• [EXERCISE DATA]
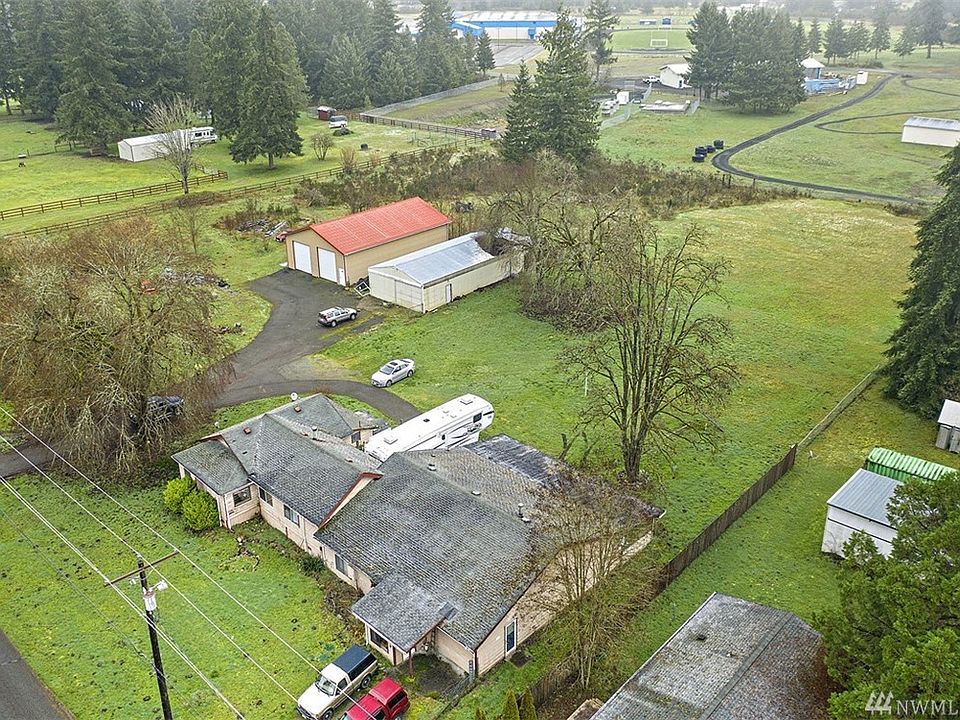 Home sits on 3.2 level ac. 2 large shops-2400 & 1800 sq ft. Fruit trees/hazelnut orchard. Room for livestock & gardens. Country feel, easy access to Centralia, Chehalis, & Oly in 20 min. Spacious 3654 sq ft, 1 level home w/ 2 living areas, 2 kitchens & large open living areas. Now used for 2-family living. Built in 1920s w/ lower addition added in '79 for a daycare biz then converted to living space in '12. Large covered patio for hot tub. Home needs some work but has great investment potential!
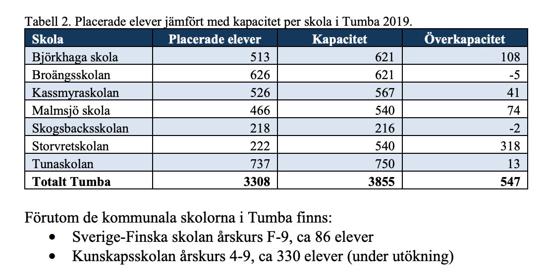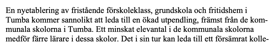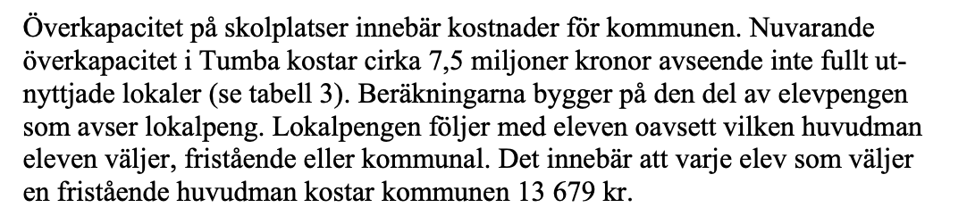 3. I Tumba, där JENSEN ska etablera sig, finns redan överkapacitet i kommunens skolor på 547 elever. Det här är tomma stolar i kommunens klassrum som gör att kommunens genomsnittliga lokalkostnad ökar. Friskolor ska få den genomsnittliga lokalkostnaden så ökar den ökar deras peng
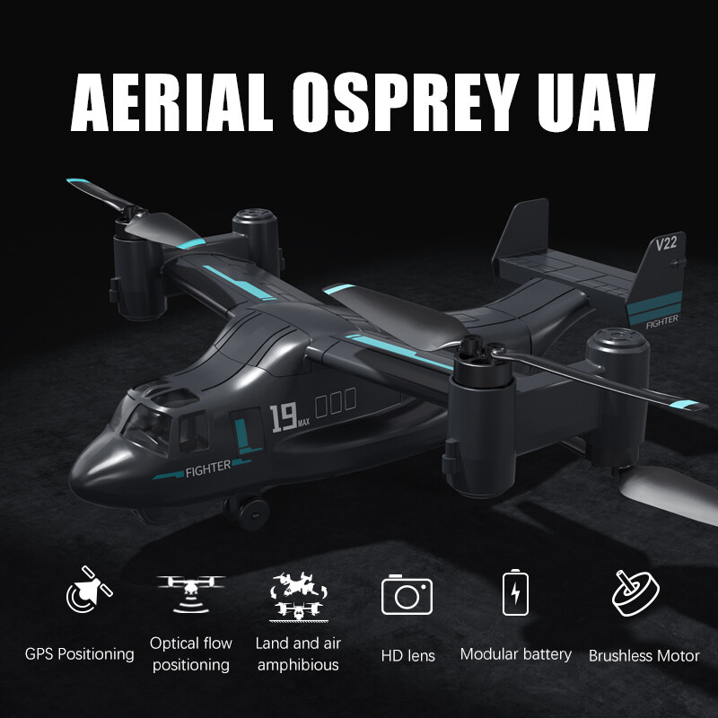 RC V-22 Osprey Drone Describe Product Name: RC V-22O Osprey Drone Camera with GPS Color: dark gray Product size(cm): 40*27*11cm(L*W*H) product weight: Aircraft 315g, remote control 124g Packe: Backpack + Box Backpack size : 42*31*13.8cm Battery Type: polymer battery Battery parameters: Play time: about 18 minutes Charging time: 120 minutes Charging mode: USB Battery for Remote control: 3 AA (not included) Remote control distance: 800m Remote control height: 120m Gharging line protection measures:None, conventional 2A environmental protection Android cable Product battery protection measures: Charging protection and short circuit protection
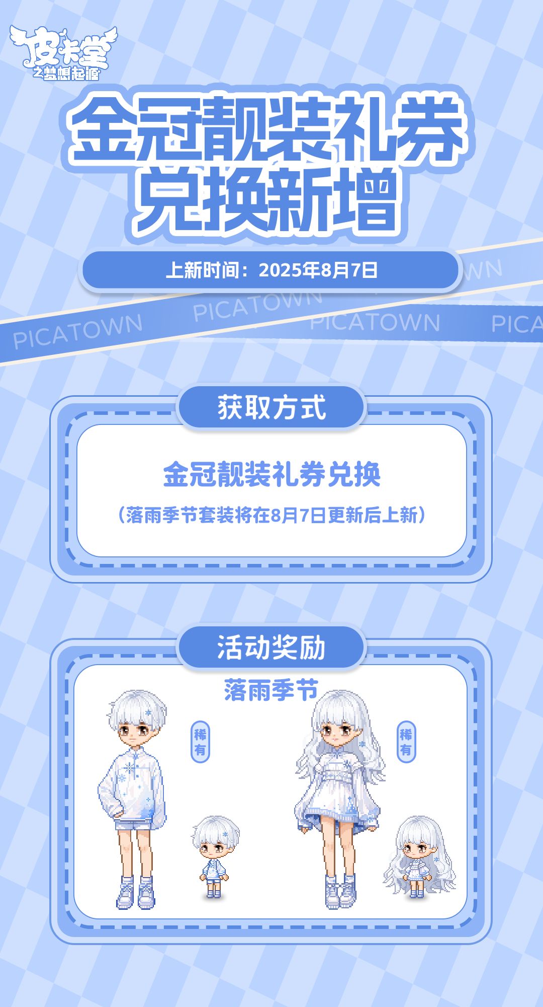 -【金冠兑换】稀有套装「落雨季节」将在8月7日上架金冠商城,购买金冠可获得兑换道具靓装兑换券。
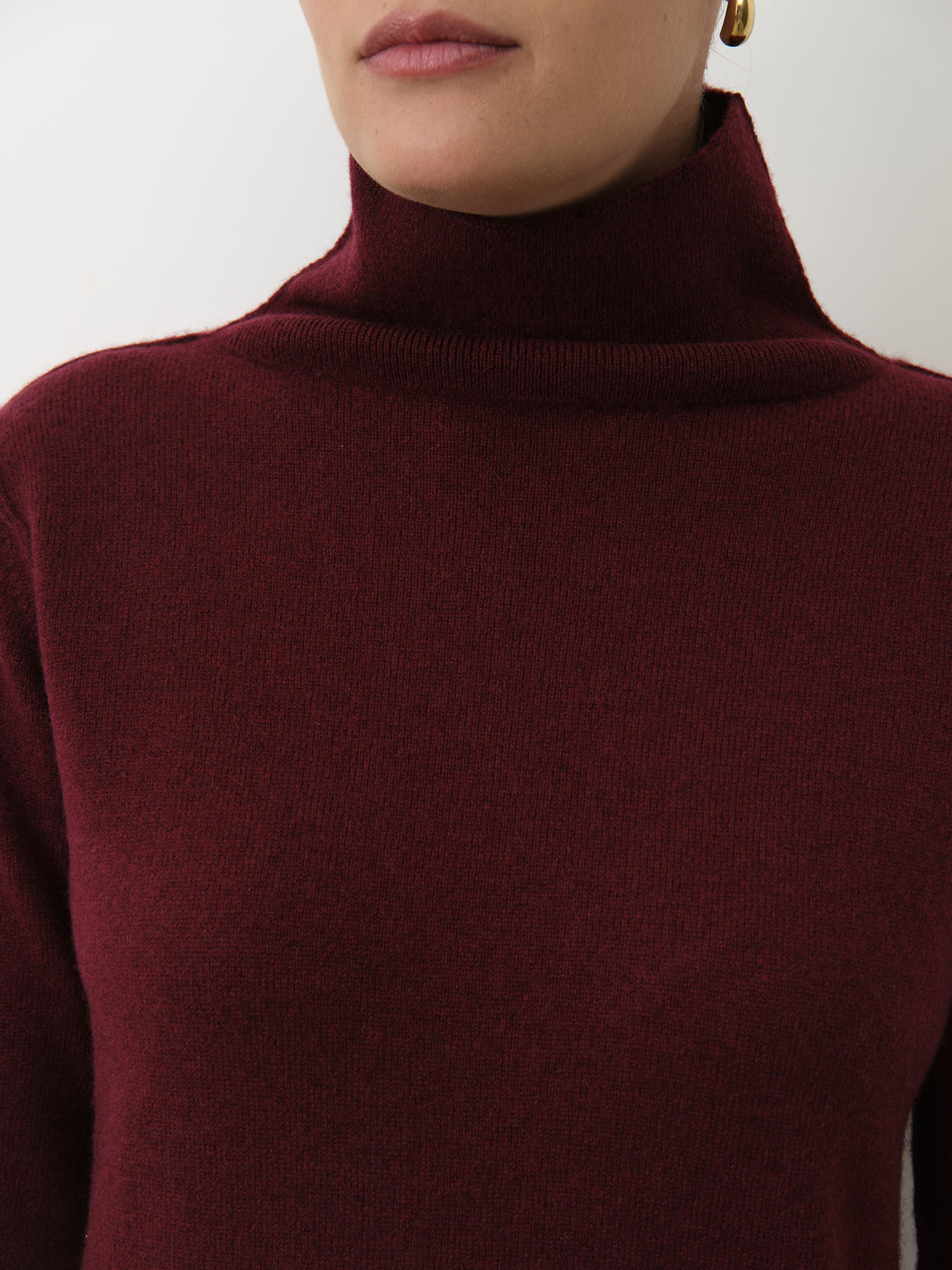 Воротник с мягкой драпировкой, аккуратные боковые разрезы для свободы движений, ровная трикотажная вязка и качественная обработка краёв.
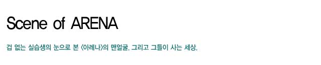 겁 없는 실습생의 눈으로 본 <아레나>의 맨얼굴. 그리고 그들이 사는 세상.<br><br>[2008년 12월호] intern 최지현, 최지혜 CREDIT INFOintern 최지현,최지혜
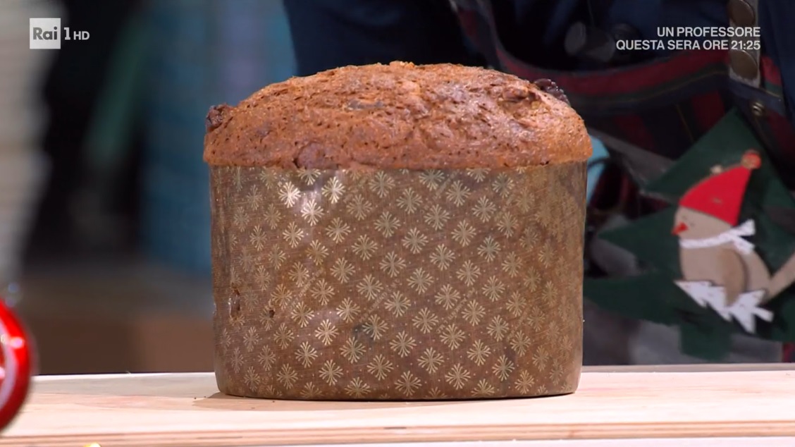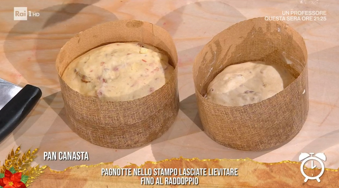 Dividiamo l’impasto a metà, per ottenere due forme da 1 kg. Imburriamo uno stampo da panettone ed inseriamo metà dell’impasto, dando la forma di una palla liscia. Schiacciamo leggermente, copriamo e lasciamo lievitare fino al raddoppio del volume iniziale: deve superare i 3/4 dell’altezza dello stampo. Spalmiamo sopra la glassa preparata, delicatamente. Distribuiamo sopra delle noci e cuociamo in forno caldo a 180° per 50 minuti (anche di più; vale la prova stecchino, come per le torte).
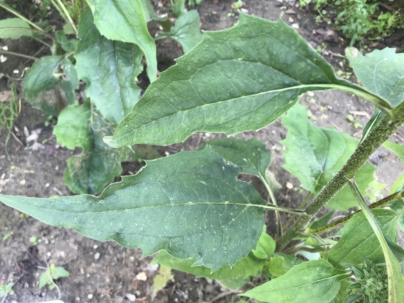 - přízemní listy řapíkaté, široce kopinaté, lodyžní střídavé, kopinaté s dlouhou protáhlou špičkou, ostře zubaté; sytě zelené, tuhé s výraznou žilnatinou
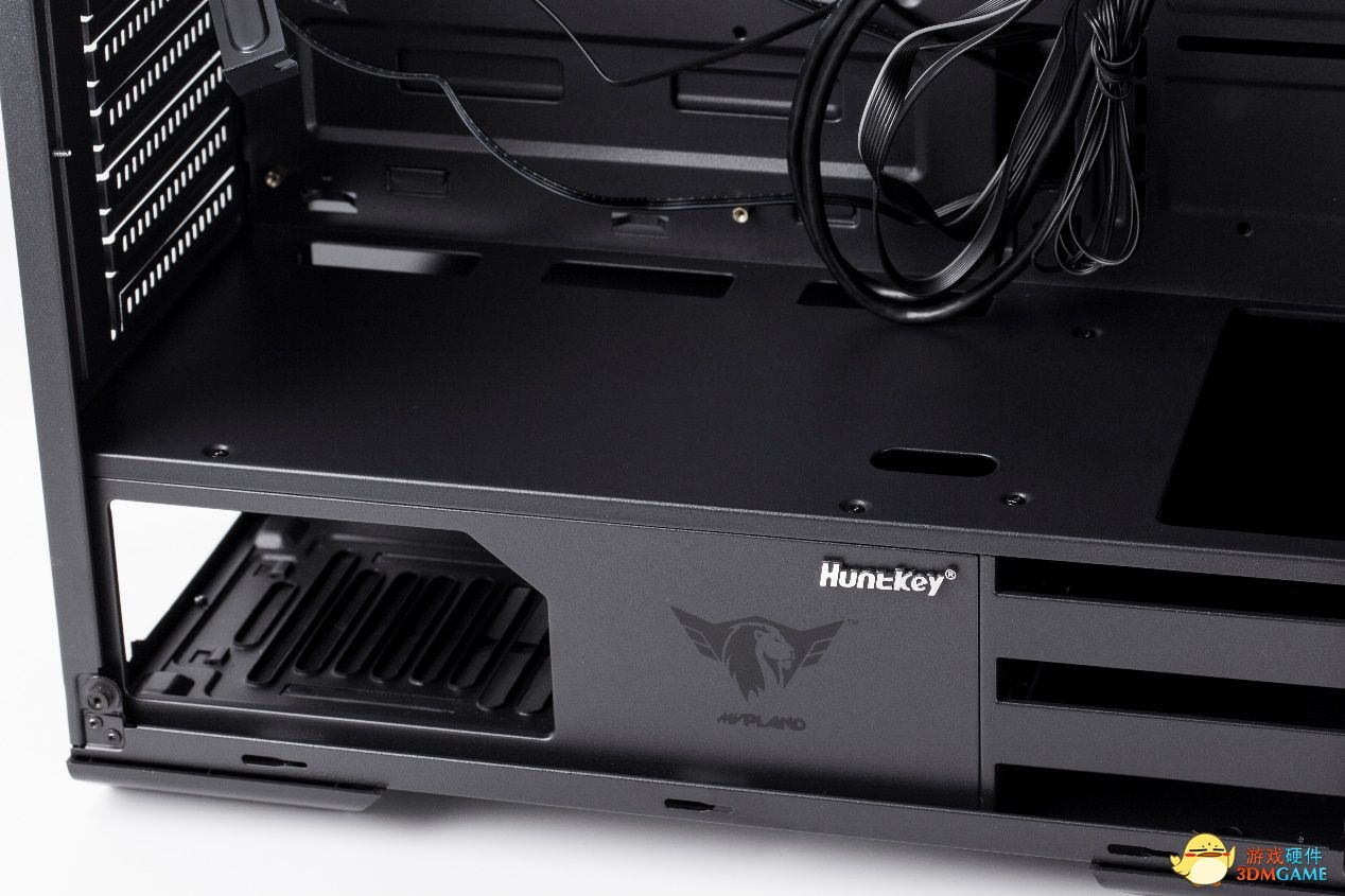 此外,机箱自身也提供了RGB按键(在机箱顶部),可以手动切换机箱风扇灯光的颜色。同时,机箱的电源仓留有展示电源LOGO的窗口,不但可以展现高端电源的铭牌,也可以在这里自行添加灯条等第三方配件来打造别致的灯光。
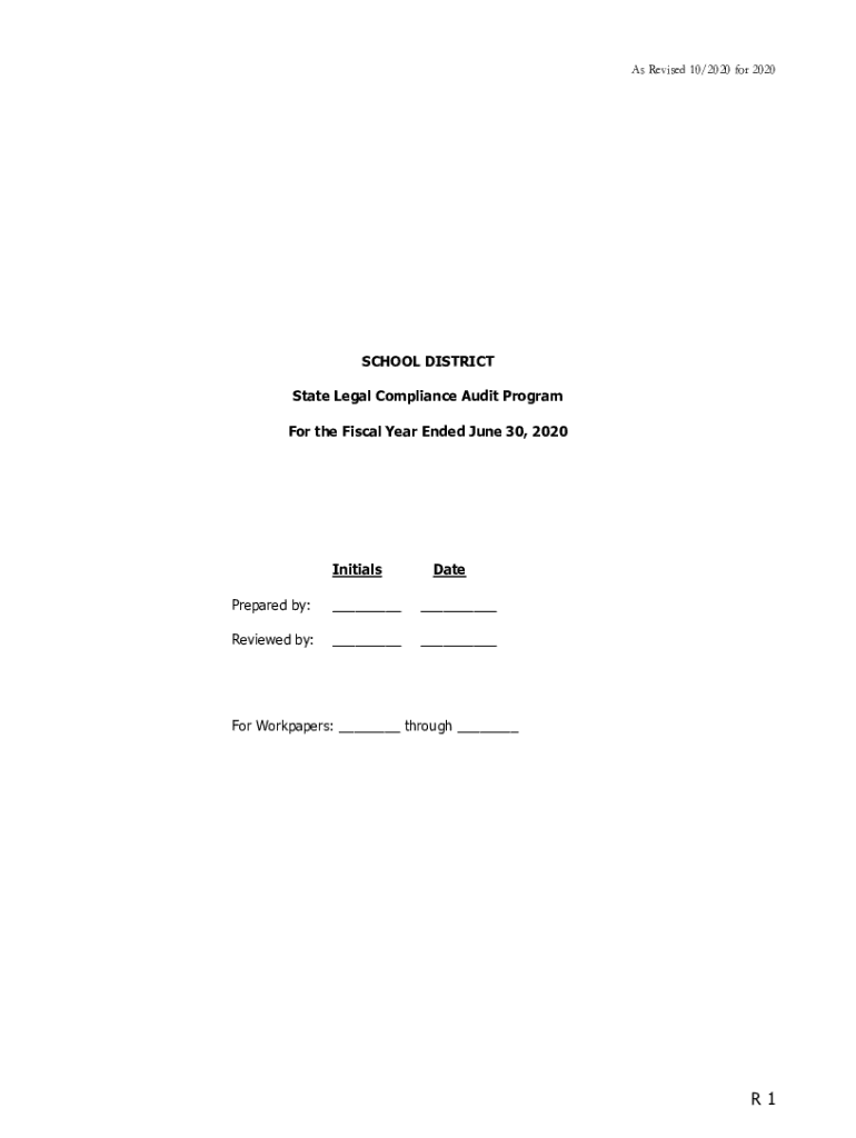 As Revised 10/2020 for 2020SCHOOL DISTRICT State Legal Compliance Audit Program For the Fiscal Year Ended June 30, 2020InitialsDatePrepared by:______Reviewed by:______For Work papers: ___ through

• [DIRECTIONS] Write out again the lines from the one with "此外,机箱自身也提供了RGB" through the end of the records exactly, without any of the pictures.

• [WRITTEN RESPONSE]
 此外,机箱自身也提供了RGB按键(在机箱顶部),可以手动切换机箱风扇灯光的颜色。同时,机箱的电源仓留有展示电源LOGO的窗口,不但可以展现高端电源的铭牌,也可以在这里自行添加灯条等第三方配件来打造别致的灯光。
 As Revised 10/2020 for 2020SCHOOL DISTRICT State Legal Compliance Audit Program For the Fiscal Year Ended June 30, 2020InitialsDatePrepared by:______Reviewed by:______For Work papers: ___ through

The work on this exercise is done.